Given information:
____
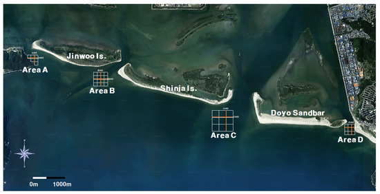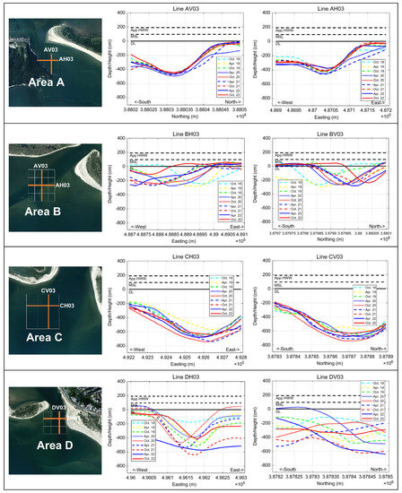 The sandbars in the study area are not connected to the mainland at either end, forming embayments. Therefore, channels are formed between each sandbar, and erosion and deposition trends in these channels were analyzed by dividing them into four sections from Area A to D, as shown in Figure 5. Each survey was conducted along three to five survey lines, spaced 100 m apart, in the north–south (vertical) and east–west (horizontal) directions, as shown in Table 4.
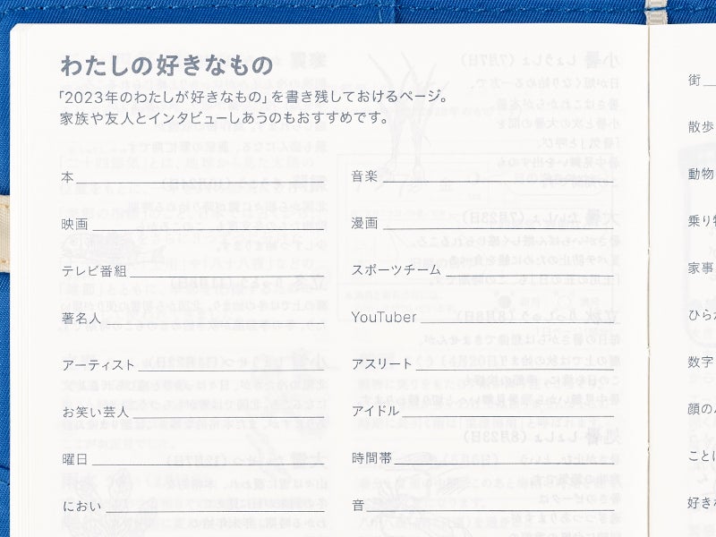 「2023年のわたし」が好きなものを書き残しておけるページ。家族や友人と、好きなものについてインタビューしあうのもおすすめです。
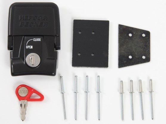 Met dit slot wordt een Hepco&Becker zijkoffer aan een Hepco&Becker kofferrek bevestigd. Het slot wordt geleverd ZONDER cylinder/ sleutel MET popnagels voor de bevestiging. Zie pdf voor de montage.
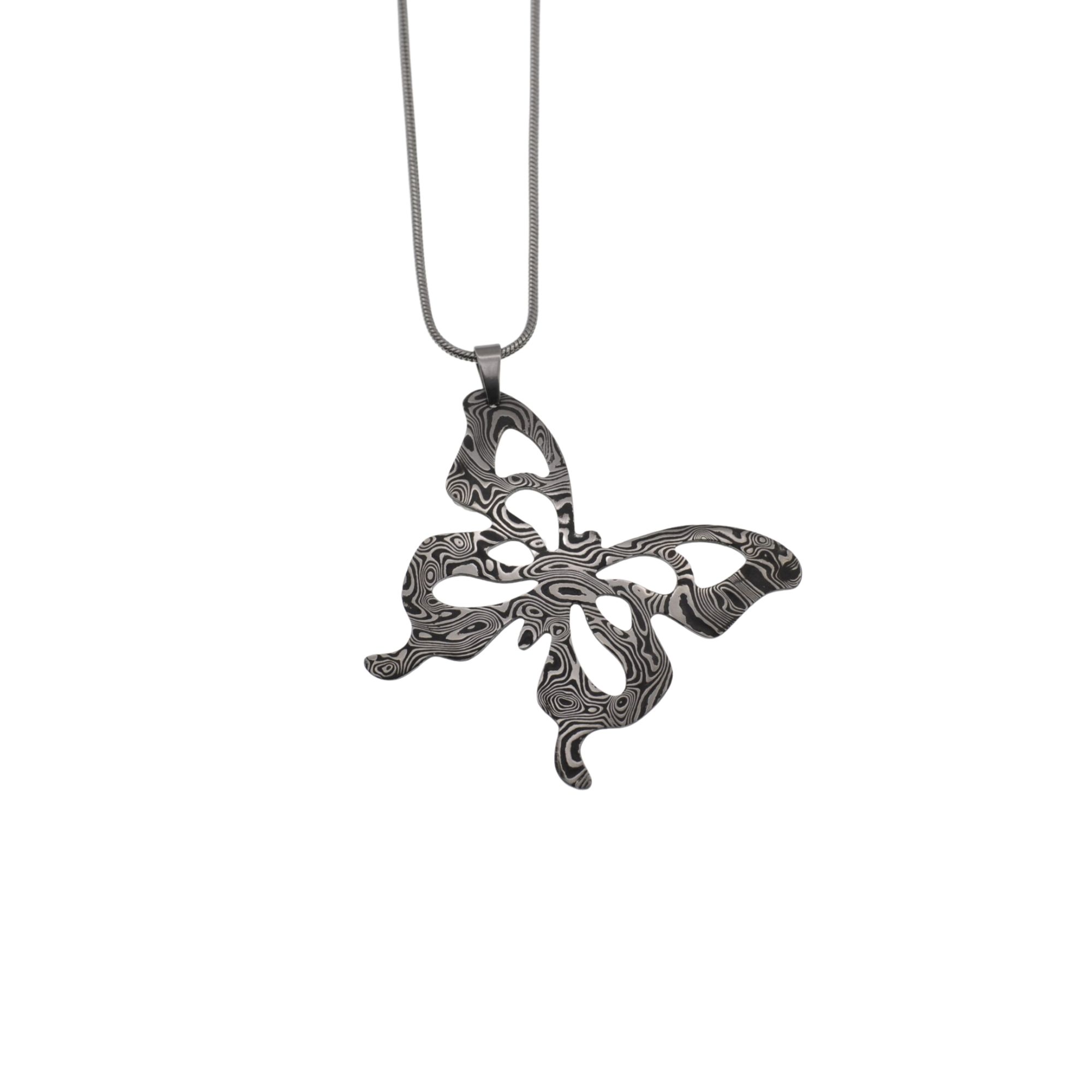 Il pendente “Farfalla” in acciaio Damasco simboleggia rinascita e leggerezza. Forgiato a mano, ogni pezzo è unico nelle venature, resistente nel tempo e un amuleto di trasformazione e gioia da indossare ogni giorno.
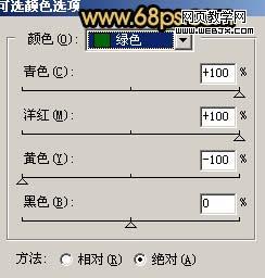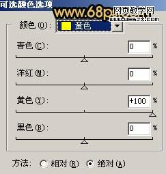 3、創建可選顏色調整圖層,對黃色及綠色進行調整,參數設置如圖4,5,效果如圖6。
____
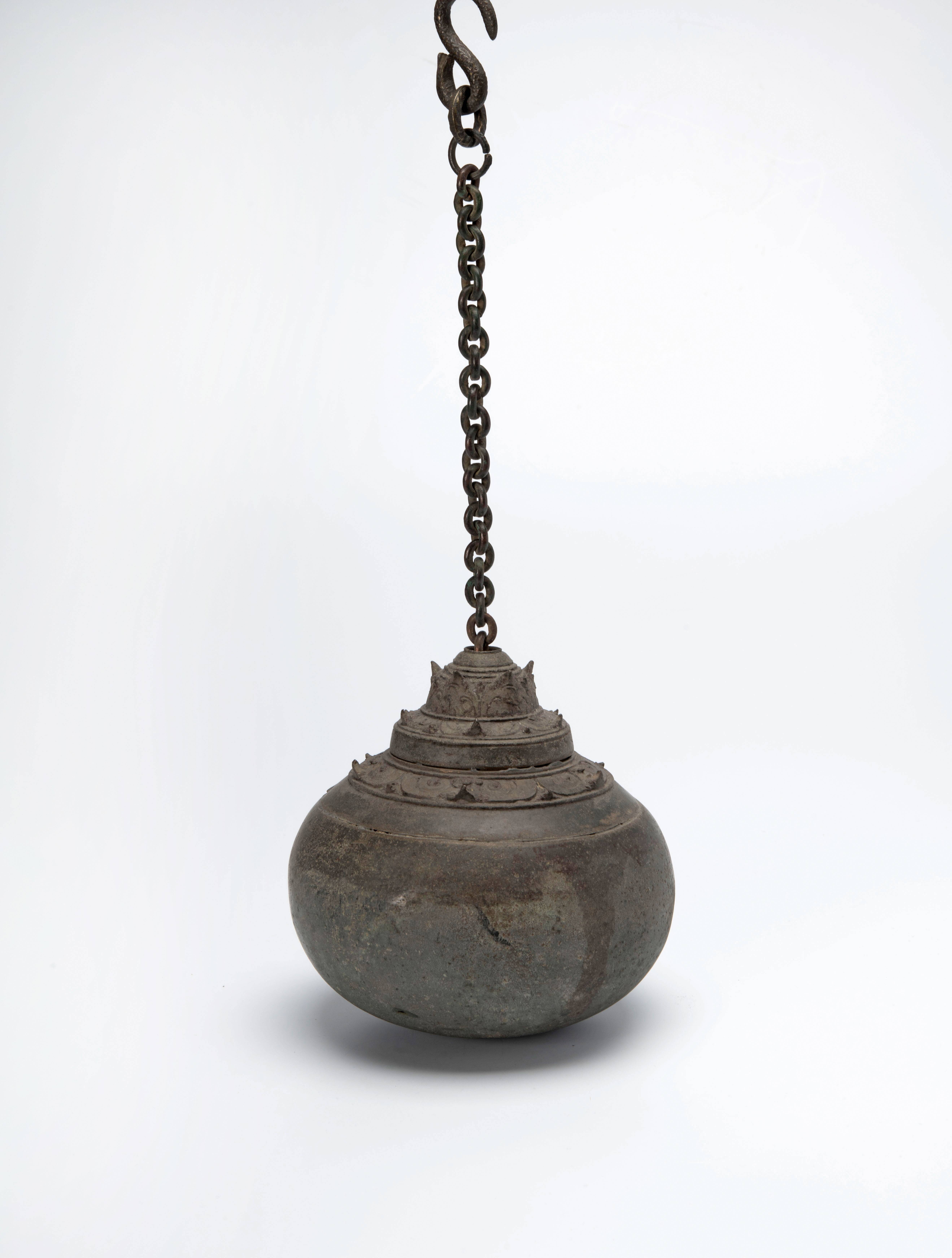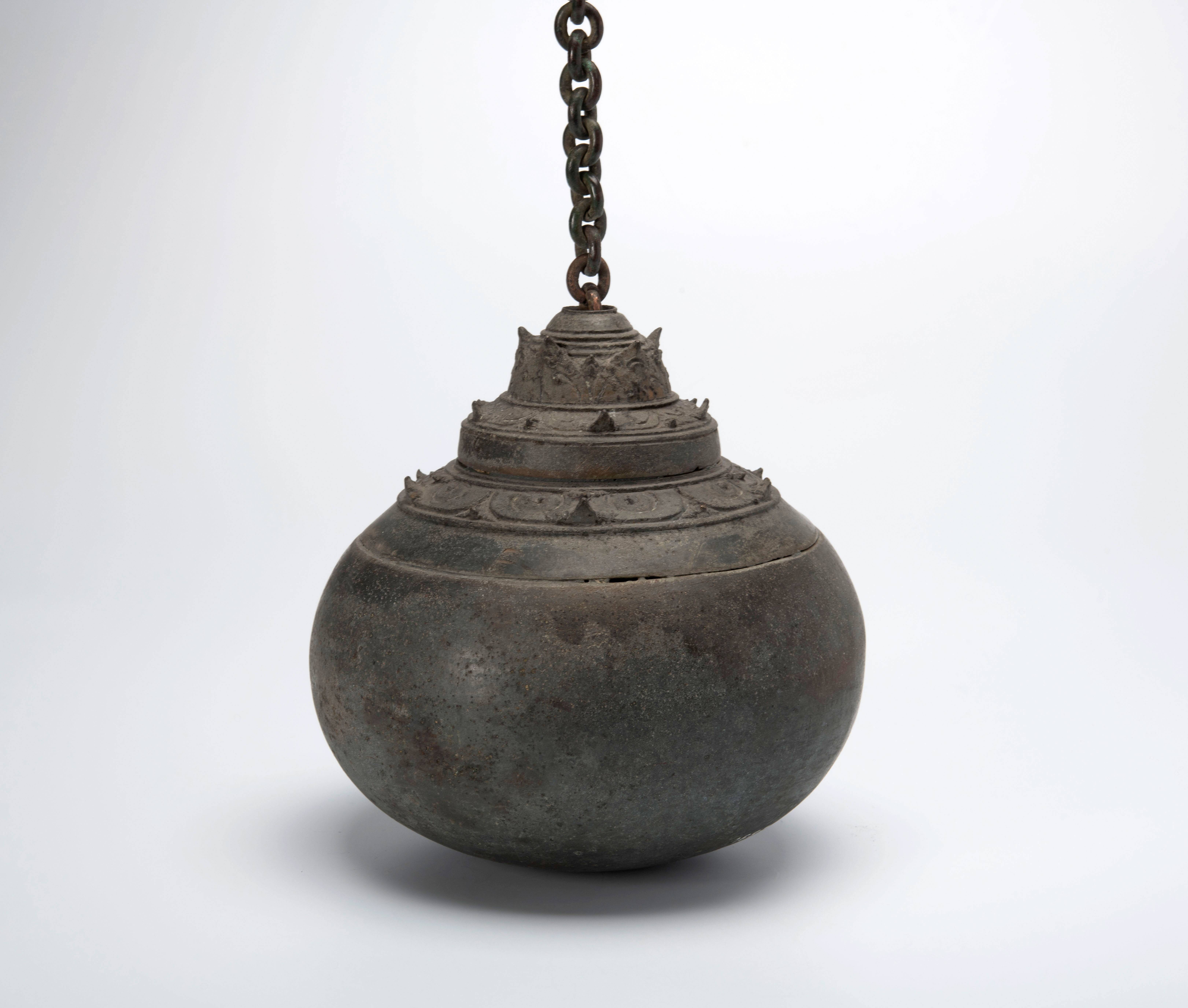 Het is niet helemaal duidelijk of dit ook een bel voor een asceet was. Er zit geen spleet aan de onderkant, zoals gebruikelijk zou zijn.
____
Task to complete:
Take only the lines above from the one that has "The sandbars in" through the one that has "3、創建可選顏色調整圖層,對" and reproduce them exactly, omitting any pictures.

Response area:
 The sandbars in the study area are not connected to the mainland at either end, forming embayments. Therefore, channels are formed between each sandbar, and erosion and deposition trends in these channels were analyzed by dividing them into four sections from Area A to D, as shown in Figure 5. Each survey was conducted along three to five survey lines, spaced 100 m apart, in the north–south (vertical) and east–west (horizontal) directions, as shown in Table 4.
 「2023年のわたし」が好きなものを書き残しておけるページ。家族や友人と、好きなものについてインタビューしあうのもおすすめです。
 Met dit slot wordt een Hepco&Becker zijkoffer aan een Hepco&Becker kofferrek bevestigd. Het slot wordt geleverd ZONDER cylinder/ sleutel MET popnagels voor de bevestiging. Zie pdf voor de montage.
 Il pendente “Farfalla” in acciaio Damasco simboleggia rinascita e leggerezza. Forgiato a mano, ogni pezzo è unico nelle venature, resistente nel tempo e un amuleto di trasformazione e gioia da indossare ogni giorno.
 3、創建可選顏色調整圖層,對黃色及綠色進行調整,參數設置如圖4,5,效果如圖6。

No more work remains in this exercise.